Assigned task => Would you return exactly the lines from the top of the data below through the one containing "Promeňte svoj notebook", leaving out the pictures?

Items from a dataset
================================
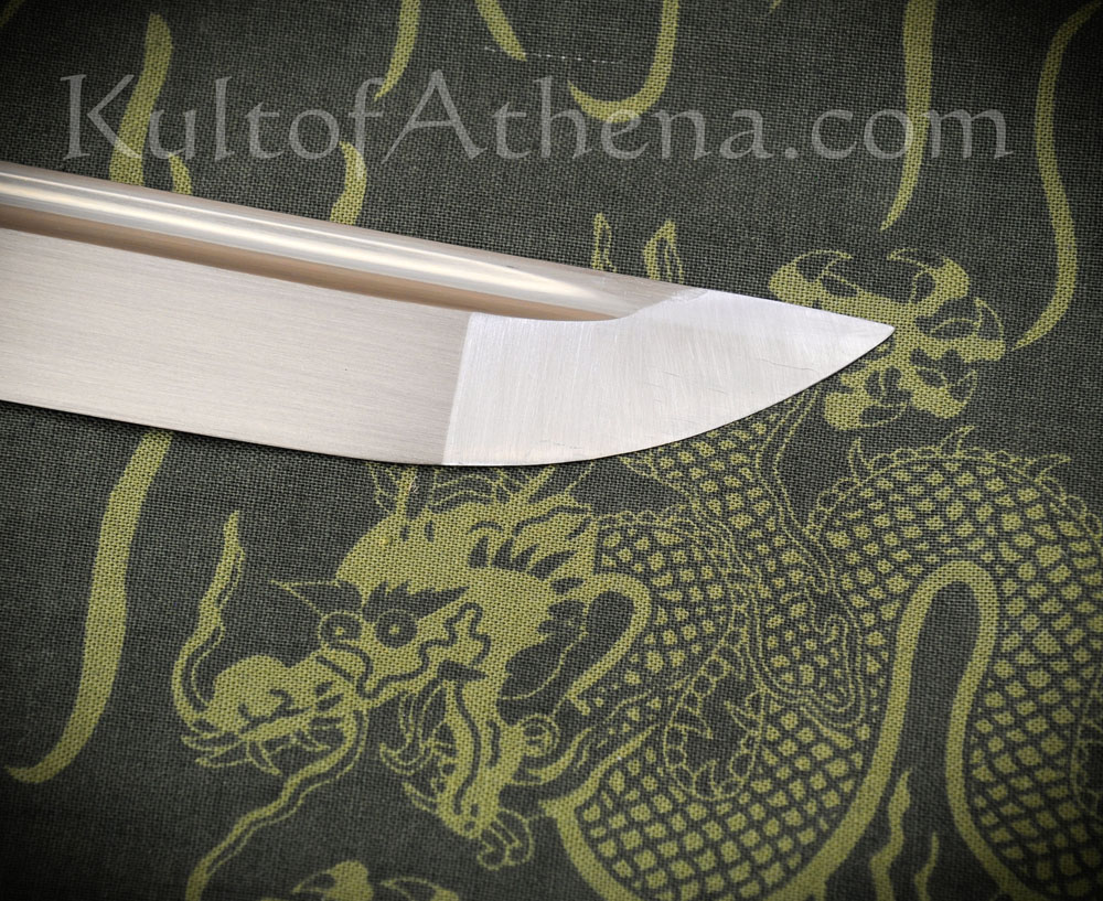 This version of the Mokko Renshu has a long bo-hi groove intended to reduce the weight of the sword along its thickest point whilst sacrificing little durability. This groove creates a more audible whoosh when the sword strikes – the variable sound of this Tachikaze sword wind can be used as a tell on the angle of cut to trained ears.
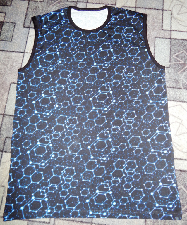 Окрылённая успехом разбавления чёрного гардероба рискнула взять принтованную ткань, сказал что будет носить... Кулирка с лайкрой. Выкройка моя. Носит такие летом обычно, вместо футболок.
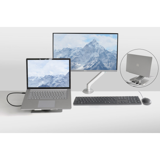 Promeňte svoj notebook v výkonnú desktopovú pracovnú stanicu s DESQ Notebook Dockom. Stačí pripojiť USB-C kábel a získate prístup k externým monitorom, klávesniciam, myšiam a ďalším perifériam. Stojan je kompatibilný s MacBookmi, notebookmi s USB Type-C, tabletmi a mobilnými telefónmi. ? Promení váš notebook v desktop PC s plynulou integráciou cez USB-C ? Plne nastaviteľný pre ergonómickú výšku a uhly ? Zdvíha obrazovku až o 28 cm pre lepší komfort pri sledovaní ? Platforma nastaviteľná až do uhla 70 ° pre dokonalú polohu obrazovky ? Ľahká konštrukcia a skladací dizajn pre ľahké prenášanie ? Výrezy v konštrukcii podporujú prúdenie vzduchu a udržiavajú notebook v chlade ? Pevná a odolná hliníková zliatina pre dlhú životnosť ? Silikónové podložky a nožičky pre stabilitu a ochranu proti sklzu S DESQ stojanom na notebook nastavíte obrazovku do ideálnej výšky, čo podporuje zdravé a ergonomické držanie tela a pomáha predchádzať bolestiam chrbta, krku a únave očí.
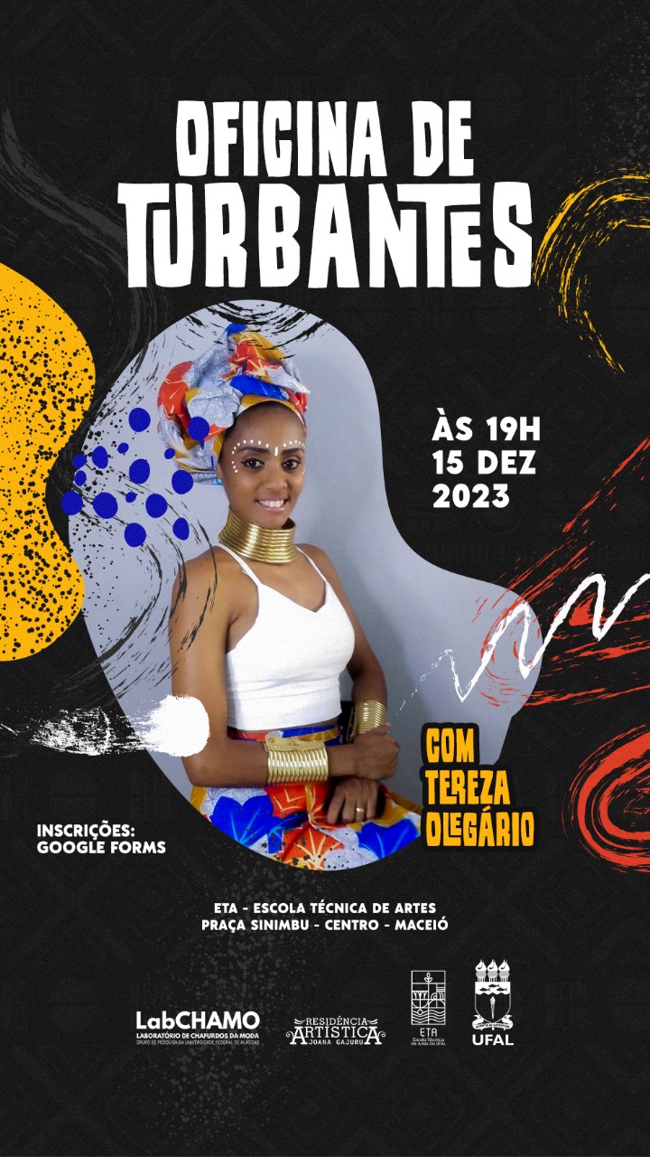 O curso de Produção de Moda, da ETA, está organizando a oficina de turbantes, onde receberá a ativista e microempresária Tereza Olegário. O intuito desta oficina é destacar o empoderamento do acessório no âmbito social e questionar a utilização deste em causa enquanto um objeto que é parte das origens das raízes de matriz africana no Brasil e, sobretudo, no Estado de Alagoas. A oficina mostrará como desenvolver as amarrações deste acessório. Atenção: os quinze primeiros participantes inscritos terão direito a um turbante da Olegário Turbantes. |
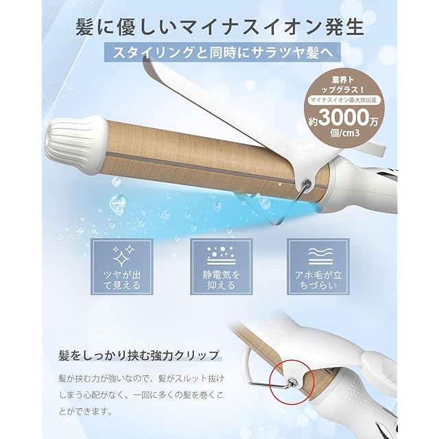 【水蒸気爆発を抑えるシルクプロコテ・3000万マイナスイオン】髪内部にある水分をできる限り逃がさずにスタイリングできるテフロン加工のパイプを搭載、髪が痛む原因の水蒸気爆発を抑えて、熱によるダメージから大切な髪を守ります。その上、高密度マイナスイオン発生器搭載、髪へのダメージを軽減することで髪のうるおいを保って理想のスタイリングを叶えるカールアイロンです。
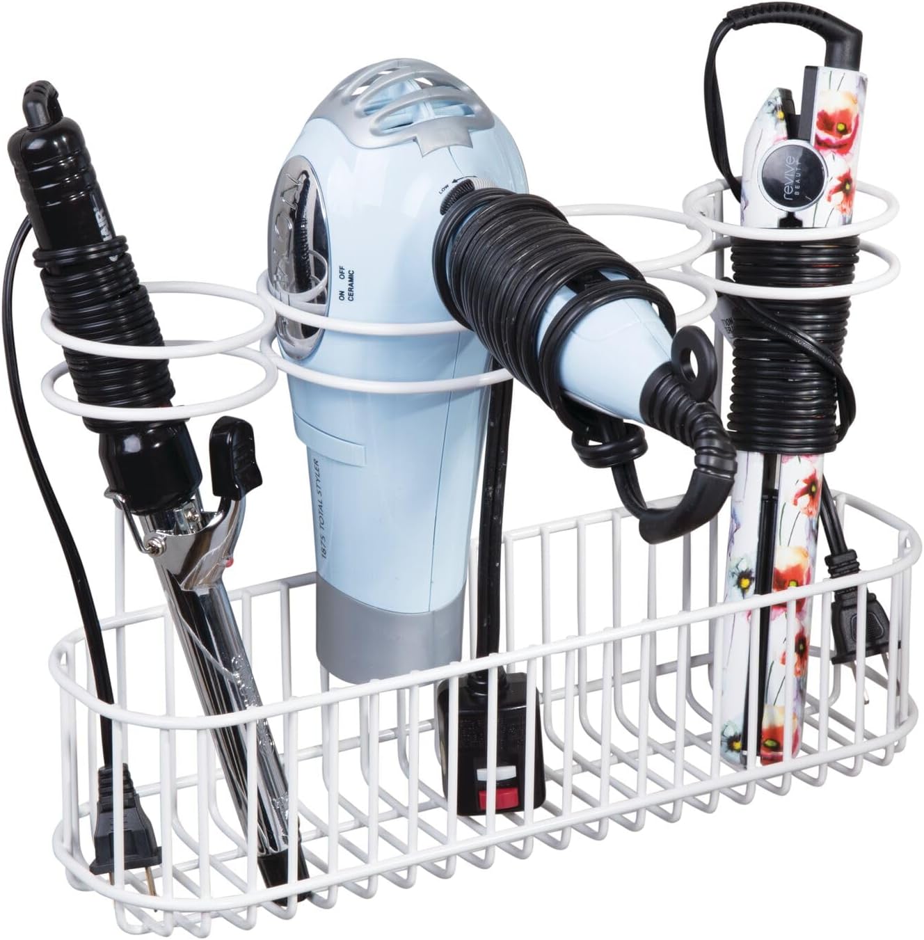 - Avec quatre compartiments, cet organisateur garde vos fers à lisser et sèche-cheveux bien organisés et accessibles.
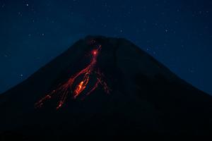印尼默拉皮火山滾滾巖漿涌出
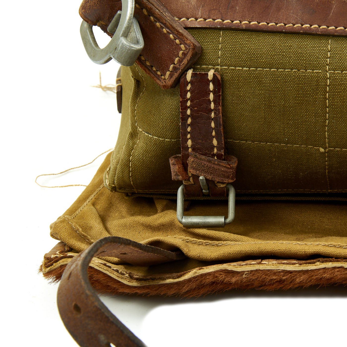 Condition is very good, especially considering the age. The fur on the cowhide is still almost completely intact, though the leather border around it has degraded over the decades. The shoulder straps are complete and intact, though the leather is quite dry and cracked in places. The side straps that connect to the bottom of the pack are also still present. The interior of the pack is in great shape, and complete, with a faded ink stamp on the inside of the "top". The various buckles and straps all look to be present.
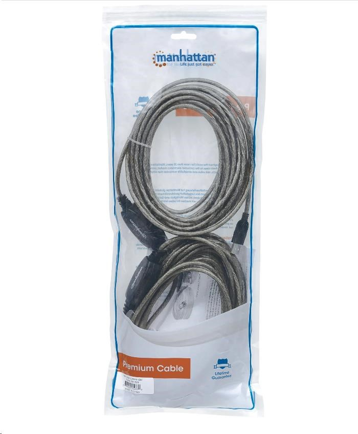 Easily overcome distance limitations to connect USB devices. Use the Manhattan Hi-Speed USB Active Cable to connect a computer USB port to a USB printer or other USB Type-B male device almost anywhere in the room. This single, non-daisy-chainable cable extension provides a convenient, uninterrupted 15 m (50 ft.) connection. The Manhattan Hi-Speed USB Active Cable with built-it repeater is fully-compliant with USB 1.1 and Hi-Speed USB 2.0 specifications to help devices operate at maximum performance. No external power or driver requirements are necessary. Plug-and-play capable and Windows/Macintosh versatility provide greater options in computer and peripheral placement and office layout.
================================
Task answer =>
 This version of the Mokko Renshu has a long bo-hi groove intended to reduce the weight of the sword along its thickest point whilst sacrificing little durability. This groove creates a more audible whoosh when the sword strikes – the variable sound of this Tachikaze sword wind can be used as a tell on the angle of cut to trained ears.
 Окрылённая успехом разбавления чёрного гардероба рискнула взять принтованную ткань, сказал что будет носить... Кулирка с лайкрой. Выкройка моя. Носит такие летом обычно, вместо футболок.
 Promeňte svoj notebook v výkonnú desktopovú pracovnú stanicu s DESQ Notebook Dockom. Stačí pripojiť USB-C kábel a získate prístup k externým monitorom, klávesniciam, myšiam a ďalším perifériam. Stojan je kompatibilný s MacBookmi, notebookmi s USB Type-C, tabletmi a mobilnými telefónmi. ? Promení váš notebook v desktop PC s plynulou integráciou cez USB-C ? Plne nastaviteľný pre ergonómickú výšku a uhly ? Zdvíha obrazovku až o 28 cm pre lepší komfort pri sledovaní ? Platforma nastaviteľná až do uhla 70 ° pre dokonalú polohu obrazovky ? Ľahká konštrukcia a skladací dizajn pre ľahké prenášanie ? Výrezy v konštrukcii podporujú prúdenie vzduchu a udržiavajú notebook v chlade ? Pevná a odolná hliníková zliatina pre dlhú životnosť ? Silikónové podložky a nožičky pre stabilitu a ochranu proti sklzu S DESQ stojanom na notebook nastavíte obrazovku do ideálnej výšky, čo podporuje zdravé a ergonomické držanie tela a pomáha predchádzať bolestiam chrbta, krku a únave očí.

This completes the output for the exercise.